Flowxi follows a few **non-negotiable principles** that explain many implementation choices.

* **Security before convenience**\
  Every flow is designed to resist abuse, enumeration, and misuse.
* **API-first architecture**\
  All behavior is explicit, versioned, and documented.
* **State-driven logic**\
  No hidden or inferred states; everything is explicit and persisted.
* **Deterministic behavior**\
  Same input → same output, including error codes.
* **Frontend-safe contracts**\
  Frontends rely on stable `code` values, never on translated text.

If something feels strict, verbose, or conservative, it is intentional.

***

## Documentation structure

The documentation is organized by responsibility, not by user journey.

<Columns cols={2}>
  <Card title="Platform introduction" icon="layer-group" href="/introduction">
    High-level architecture, scope, and core platform principles.
  </Card>

  <Card title="Authentication & security" icon="lock" href="/auth/overview">
    Login, registration, tokens, sessions, devices, and 2FA flows.
  </Card>

  <Card title="Errors & localization" icon="language" href="/errors">
    Error formats, error codes, localization rules, and frontend handling.
  </Card>

  <Card title="API reference" icon="code" href="/api-reference">
    Endpoint-level documentation with request and response schemas.
  </Card>
</Columns>

***

## Core platform components

The Flowxi backend is built around a small number of clearly separated components.

<Columns cols={2}>
  <Card title="Users" icon="users">
    User accounts, lifecycle states, locale, and access rules.
  </Card>

  <Card title="Wallets" icon="wallet">
    Custodial wallets, balances, and transaction records.
  </Card>

  <Card title="Compliance" icon="shield-check">
    Verification workflows, regulatory states, and enforcement logic.
  </Card>

  <Card title="Security" icon="lock">
    Rate limiting, 2FA, audit logs, and abuse prevention.
  </Card>
</Columns>

Each component is documented independently but designed to work as a coherent system.

***

## How to use this documentation

Recommended reading order:

1. **Introduction**\
   Understand what the platform is responsible for.
2. **Authentication overview**\
   Learn how access, sessions, and security actually work.
3. **Errors & localization**\
   Learn how to handle failures correctly on the frontend.
4. **API reference**\
   Use as a precise contract for implementation.

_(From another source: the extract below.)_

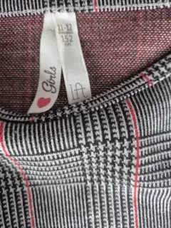 Vestido de niña con diseño de cuadros en tonos grises, manga larga y corte con falda amplia que da movimiento y comodidad. Tela suave y ligera, ideal para uso diario, escuela o eventos casuales. En muy buenas condiciones.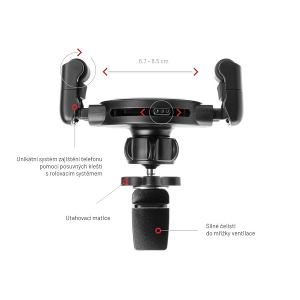 - jedinečný rolovací systém na upevnenie telefónu pomocou posuvných klieští

This documentation assumes:

* Familiarity with REST APIs
* Experience with frontend ↔ backend integration
* Basic understanding of authentication and tokens

***

## Access & support

Flowxi is restricted to authorized teams and systems.

For access issues, production incidents, or technical questions:\
**[support@flowxi.app](mailto:support@flowxi.app)**

***

## Final note

Flowxi is designed for **financial-grade correctness**.

Clarity, predictability, and safety always take precedence over shortcuts.
Every rule documented here exists to reduce ambiguity, prevent misuse,
and ensure the platform behaves reliably at scale.